Management: Treatment of manifestations: DD/ID are managed as per standard practice. No guidelines are available regarding choice of specific anti-seizure medications (ASMs). In about 50% of patients, the epilepsy responds to a single ASM; in the remainder it is pharmacoresistant. Children may qualify for and benefit from interventions used in treatment of ASD. Consultation with a developmental pediatrician may guide parents through appropriate behavioral management strategies and/or provide prescription medications when necessary. Nasogastric/gastrostomy feeding may be required for individuals with persistent feeding issues.
Surveillance: Monitor seizure manifestations and control; behavioral issues; developmental progress and educational needs.
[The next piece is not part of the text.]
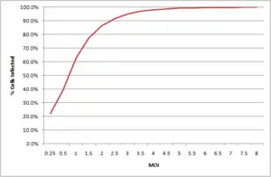 As the MOI increases, the percentages of cells infected with at least one viral particle also increases.[4]

Genetic counseling: SYNGAP1-ID is inherited in an autosomal dominant manner. To date almost all probands with SYNGAP1-ID whose parents have undergone molecular genetic testing have had a de novo germline pathogenic variant; however, vertical transmission (from a mildly affected, mosaic parent to the proband) has been reported in one family. Thus, while the risk to sibs appears to be low, it is presumed to be greater than in the general population because of the possibility of germline mosaicism in a parent. Once the SYNGAP1 pathogenic variant has been identified in an affected family member, prenatal testing for a pregnancy at increased risk and preimplantation genetic testing are possible.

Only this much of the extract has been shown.